QSSI developed a customized, multi-pronged strategy, involving both people and infrastructure-driven processes, to ensure that Mud Pie would see maximum returns from their significant capital investment.

For example, we made labor more efficient with task interleaving and wave planning. We also equipped people with the right tools for the task at hand. Our team was there for Mud Pie at every step of the transition from pick-and-pass to more complex order picking/restocking methodologies (zone-batch-wave) using tablets and wireless handheld devices with pick-to-light technology.

 In addition, we simultaneously made smart functionality for warehouse controls a priority.

Split Orders and Other Integrated Decision-Making

PowerHouse provides Mud Pie with insights into any number or combination of automation performance metrics (pile-on, pod-station visits, throughput, etc.), but order sequencing decisions ultimately reflect a deeper logic. During PowerHouse implementation and on an ongoing basis, the results of models in different instances are compared with various potential sequential methods. The result is a structured, integrated response. 

A standout scenario for Mud Pie is splitting orders.

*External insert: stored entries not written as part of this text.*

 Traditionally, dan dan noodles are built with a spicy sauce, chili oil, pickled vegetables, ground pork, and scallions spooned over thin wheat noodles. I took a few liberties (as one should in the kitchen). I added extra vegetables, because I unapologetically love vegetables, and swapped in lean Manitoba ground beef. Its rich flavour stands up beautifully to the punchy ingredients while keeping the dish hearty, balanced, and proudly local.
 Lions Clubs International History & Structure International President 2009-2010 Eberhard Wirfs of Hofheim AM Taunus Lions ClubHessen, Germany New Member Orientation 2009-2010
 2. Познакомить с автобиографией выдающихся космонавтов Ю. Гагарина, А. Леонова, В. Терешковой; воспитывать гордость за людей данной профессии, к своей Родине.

Diverse retailers mean diverse customer orders, which can lead to severe inefficiencies in how search and travel tasks are performed. Therefore, it’s critical for the wholesaler to be able to differentiate between oversized, non-conveyable items and conveyable items for warehouse pricing flow. In response, the QSSI team concentrated on the operational logistics of splitting an order. PowerHouse introduced pick pod selection and path planning protocols to improve automation controls. Similarly, pod repositioning protocols address the replenishment process.

MUD PIE

Stone Mountain, GA

Distribution Center
  • 250,000 square feet
Customers
  • Furniture/home furnishing 
  • Apparel
  • Gifts and novelties
  • Wholesale trade
  • Small independent retailers
  • Big box stores
Warehouse Environment
  • B2B, B2C, D2C 
  • Complicated sourcing requests
  • Split orders
  • Low minimum order requirements 
  • Combined order and customer processing
  • Just-in-time delivery
Solutions in the Design
  • Scale counting and scan & pack
  • Automated customized compliance labeling
  • Automated rate shopping
Global Supply Chain
  • China (manufacturing)

Order picking can constitute 50%-65% of Mud Pie’s operating costs. Processing orders quickly and accurately is a competitive advantage. PowerHouse brings the brains to the machinery that is the company’s lifeblood.

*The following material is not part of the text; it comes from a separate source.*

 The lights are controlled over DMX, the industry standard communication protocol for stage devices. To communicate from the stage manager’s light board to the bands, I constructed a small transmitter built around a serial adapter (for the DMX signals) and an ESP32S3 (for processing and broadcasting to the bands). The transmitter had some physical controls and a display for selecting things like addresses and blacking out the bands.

Redesigning a Warehouse for Optimal Efficiencies

Mud Pie has continued to grow its business exponentially. Subsequent warehouse floor modifications and expansions build on the efficiencies originally introduced by QSSI. As part of our next project for the company, PowerHouse supported 9,000 new locations. The new multi-level facility contains 24 zones/pick modules. With Mud Pie, the QSSI team developed and then helped implement a high-bay, narrow-aisle picking concept to maximize the space for a new conveyor system, an impressive 28’ in length. 

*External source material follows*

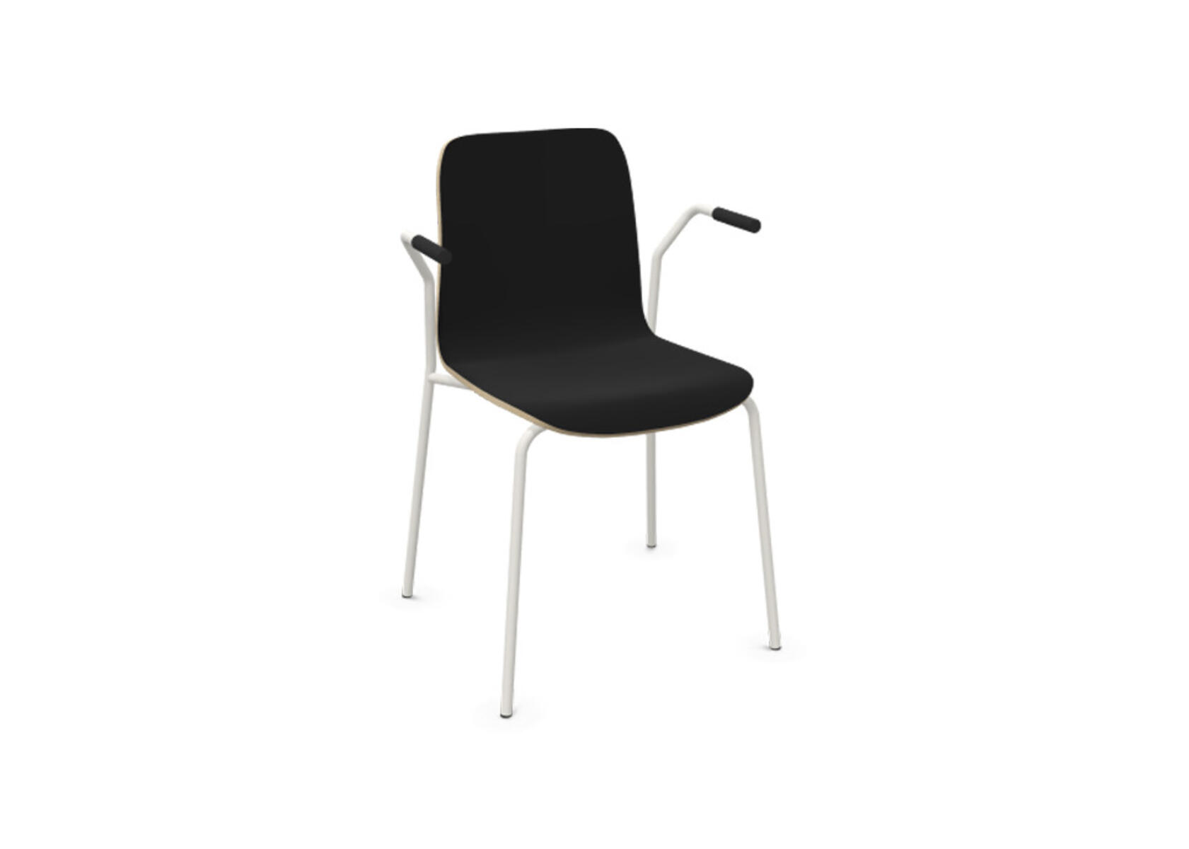 Sædeskål i formpresset krydsfinér polstret med koldskum, som giver både komfort og støtte. Stabilt pulverlakeret stel i Ø18 mm rør med møbelglidere, der beskytter gulvet. Armlæn fås som tilbehør. For ekstra fleksibilitet kan der tilkøbes koblings- og rækkekoblingsbeslag, som gør det nemt at skabe rækker eller gruppesætninger. Maks. belastning 110 kg. Stolen kan stables op til 6 stk.

Our collaborations also extended to Mud Pie’s manufactures with innovations in packaging. “More conveyable” items inevitably lead to less touches with each induction. With the improvements, 60% to 70% of boxes interface with the conveyor only. This work also resulted in measurable improvements in quality control and speed to resolution.

WCS-Based Automation Visibility

The PowerHouse dashboard is credited with much of the success of the narrow-aisle picking concept. “When you can see all, you can direct all,” said Schumacher. “And, more importantly, you can direct with specificity.” 

The dashboard captures critical information, which means that even in tight spaces it’s possible to follow a serpentine, one-pass packing method. In addition, floor managers can access a graphic of each cart’s contents. RF devices also incorporate graphic displays.

So much more than the sum of its parts, PowerHouse serves as data aggregator and integrator, as well as smart middleware. It eliminated the need for Mud Pie to interface directly to control systems for individual pieces of automation. But, perhaps, most importantly, we introduced a higher level of accountability into the fulfillment process. Warehouse planning and execution are made more intelligent precisely because of the quality information coming from the automation level.